Beyond buying time for Obamacare to put down roots, the
DOJ may be hoping to put off the day of reckoning until the
President has the opportunity to adjust the left-right balance of
the Court. At present, it doesn’t look like any of the conservative
justices are planning to retire, but Justice Scalia just turned 75
and younger men than he have unexpectedly left the Court for a
higher tribunal. In 1953, Chief Justice Fred Vinson died suddenly
at 63. This, as it happens, is the age of Clarence Thomas. Perhaps
the DOJ lawyers share the hope of columnist Julianne Malveaux, who
once wished aloud that Mrs. Thomas would feed her husband “lots of
eggs and butter and he dies early.” If so, they are likely to be
disappointed.
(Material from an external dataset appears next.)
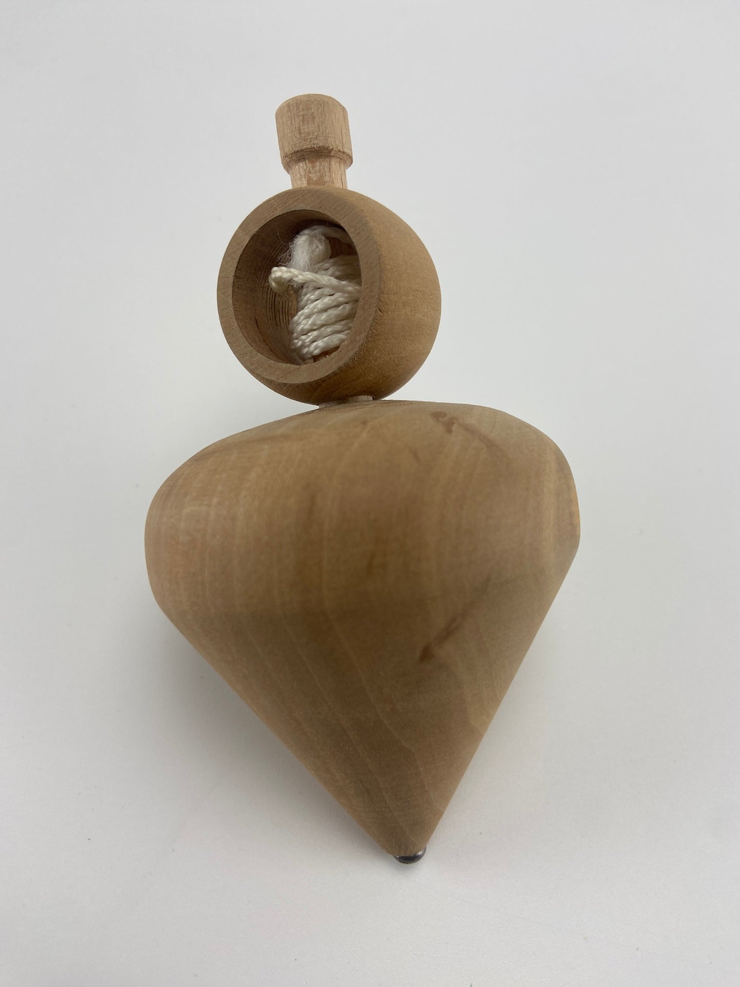 Pião em madeira com sitema de cordel para o pôr a rodar.
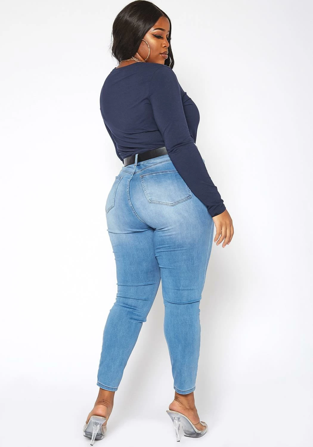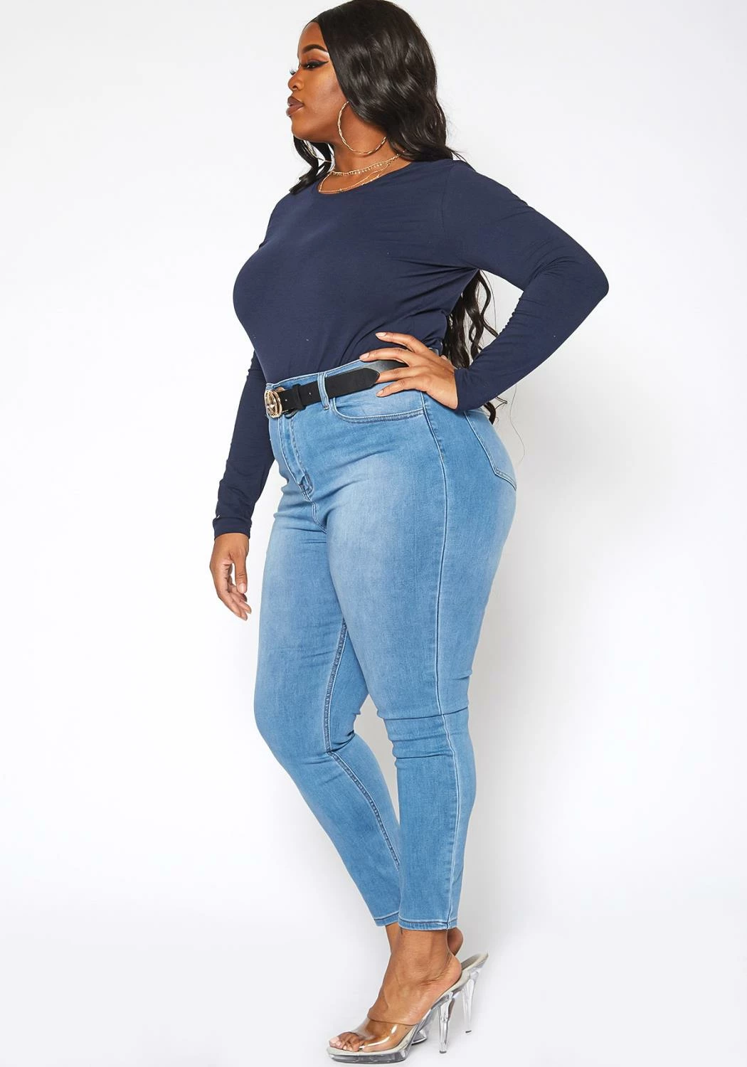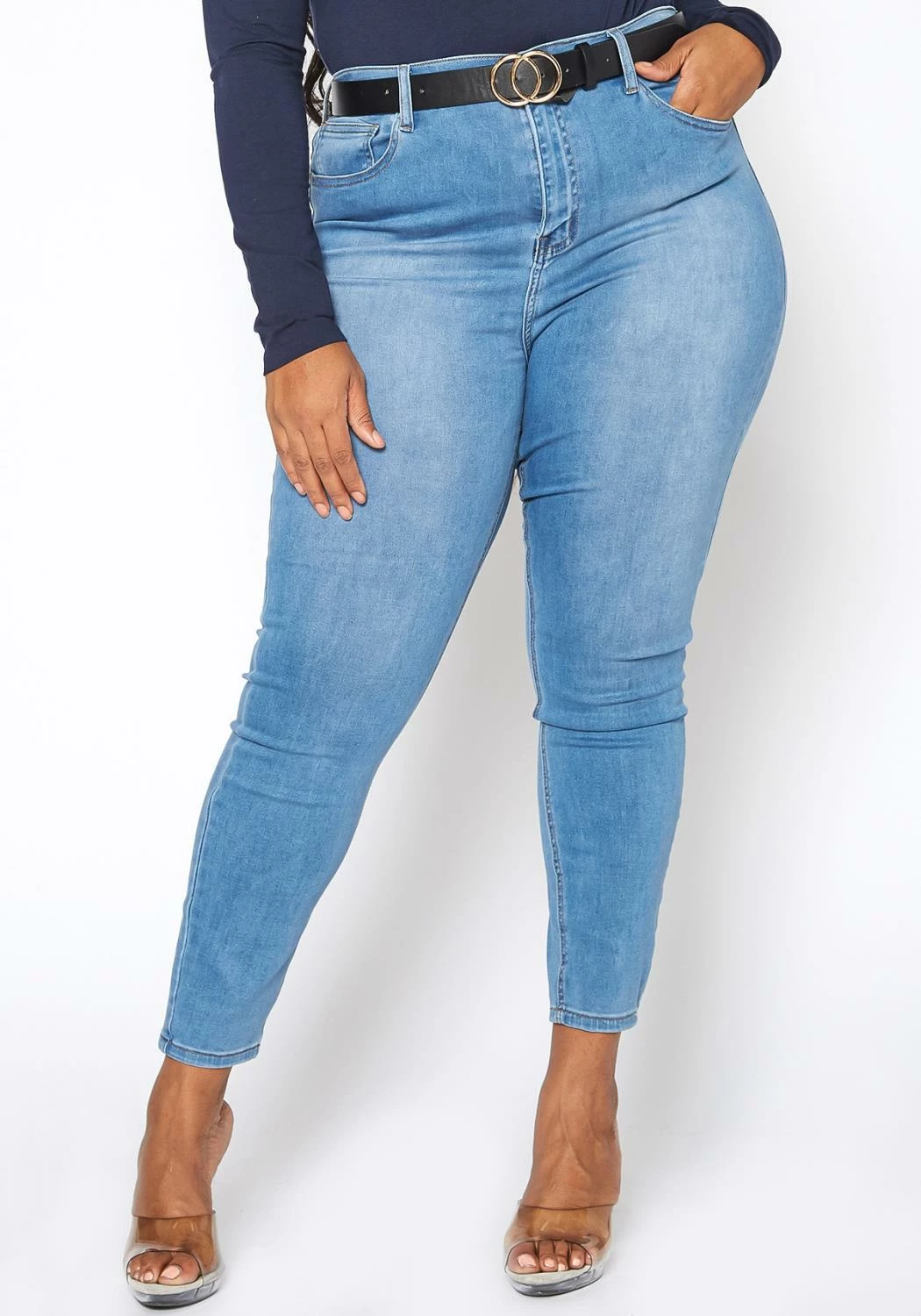 Asoph x Vibrant plus size women’s basic everyday skinny denim jeans in high waisted style plus includes belt loop holes and pockets.

Justice Thomas, like Scalia, appears to enjoy
stubbornly robust health.
In addition to that inconvenient reality, the DOJ received
more bad news on Wednesday afternoon. Virginia’s request for an
expedited review has been
scheduled for discussion by the justices in their April 15
conference. This does not necessarily mean the Court will grant the
petition and hear the case prior to appellate review, but it does
mean the nine most influential judges in the country will have a
serious — and private — discussion about the actual merits of the
case. If four of the justices vote in favor, the petition will be
granted and all the DOJ’s delay tactics will have been for naught.
This is a consummation devoutly to be wished.